In June, the volume of government securities trading on the Kazakhstan Stock Exchange (KASE) amounted to 777.4 billion tenge. Compared to May, the figure decreased by 8.5%, but market participant activity remained high. The average daily trading volume reached 35.3 billion tenge, with an average of 26 transactions per day.
Through the primary market, the Ministry of Finance and local executive bodies attracted 578.7 billion tenge in new financing.
The largest placement in June was the issue of 12-year government bonds by the Ministry of Finance worth 116.3 billion tenge.
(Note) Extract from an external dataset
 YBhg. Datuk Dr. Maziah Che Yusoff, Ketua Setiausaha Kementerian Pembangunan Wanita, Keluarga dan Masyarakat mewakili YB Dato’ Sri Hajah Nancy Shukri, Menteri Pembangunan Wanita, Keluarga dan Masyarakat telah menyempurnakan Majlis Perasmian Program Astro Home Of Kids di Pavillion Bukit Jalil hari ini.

Investor interest remained high – for some issues, demand exceeded supply by four to six times.
Secondary market statistics show that large financial institutions remain the main trading participants. Banks accounted for 59.9% of total turnover. Pension funds, insurance companies, and other institutional investors provided another 15.9%. The share of other legal entities was 22.4%, broker-dealer organizations – 1%, and individuals – only 0.6%.
Foreign investors accounted for 16.1% of secondary market turnover. For comparison, a month earlier this figure was 25.3%.
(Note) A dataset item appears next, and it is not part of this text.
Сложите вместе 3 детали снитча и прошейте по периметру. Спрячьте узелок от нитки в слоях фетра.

The main trend in June was the decline in government bond yields.
According to KASE data, the yield on short-term securities with a maturity of up to one year fell to 17.04%. For bonds with a maturity of one to five years, the figure was 15.85%, and for long-term issues – 14.79%.
For example, in the first half of June, 12-year Ministry of Finance bonds were placed at 14.97%, while in the second half of the month the yield dropped to 14.47%. The yield on an issue with a maturity of 7.7 years, placed on June 23, was 14.25%.
At the same time, for some short-term issues, investors still expected to receive about 17% per annum.
In addition, in June, the government placed floating-rate bonds linked to the TONIA indicator. Through such instruments, over 120 billion tenge was raised.
June was the first full month after the National Bank cut the base rate from 18% to 17%. The government bond market has already begun to factor in this decision, as evidenced by the decline in yields on medium- and long-term issues.
However, as economist Sultanov notes, this does not mean an immediate reduction in the cost of loans and mortgages. Banks will need time to review the cost of raising resources and adjust the terms of their products. However, the dynamics of the government bond market show that the largest banks, pension funds, and investment companies are already beginning to price in expectations of lower money costs. If this trend continues, it could eventually affect both deposit yields and rates on new loans.
Earlier, experts from the brokerage company BCC Invest stated in their economic review that it is more profitable for Kazakhstanis to invest savings in bonds rather than keep them in deposits.